What Is Religion?

Religion is a cultural system of behaviors, practices and ethics that people follow in their efforts to live good lives. They are based on values such as love, forgiveness, peace, moral conduct, spirituality, and participation in religious institutions. Many religions have also sacred histories, narratives and mythologies, which they share with their followers through oral traditions, texts, symbols and holy places. Many of these stories are about how the world came to be as it is, and some attempt to explain human existence and the universe.

Traditionally, scholars have divided the field of study into three categories: those who define religion in terms of beliefs (such as theists), those who define it in terms of practices (such as pluralists) and those who take a functional approach to understanding religion (e.g. Emile Durkheim). In the latter category, religion is seen as whatever system of practices unites a group of people into a moral community. Some scholars of religion have now come to a position of rejecting substantive definitions and instead treating the concept of religion as an umbrella term for the diverse ways that human beings organize their life-worlds.

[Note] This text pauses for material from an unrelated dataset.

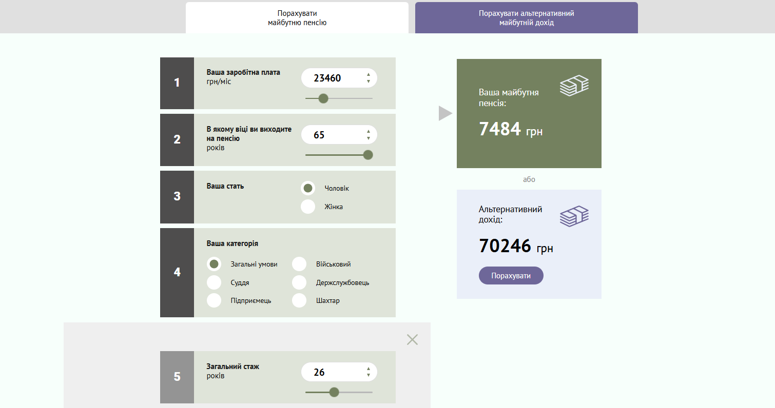 Какая пенсия со стажем 26 лет и зарплатой 23 460 гривен в 65 лет / Скриншот из пенсионного калькулятора

This’reflexive turn’ has prompted debate as to whether the category of religion is a modern invention. Some argue that religion is a taxonomic construct that people created as they began to create language to categorize their social structures. Others, however, argue that the concept of religion is an innate and pervasive feature of human life-worlds that has existed in some form since prehistoric times, though it may not have been consciously constructed until humans had enough culture to develop a meaningful vocabulary for describing their societies.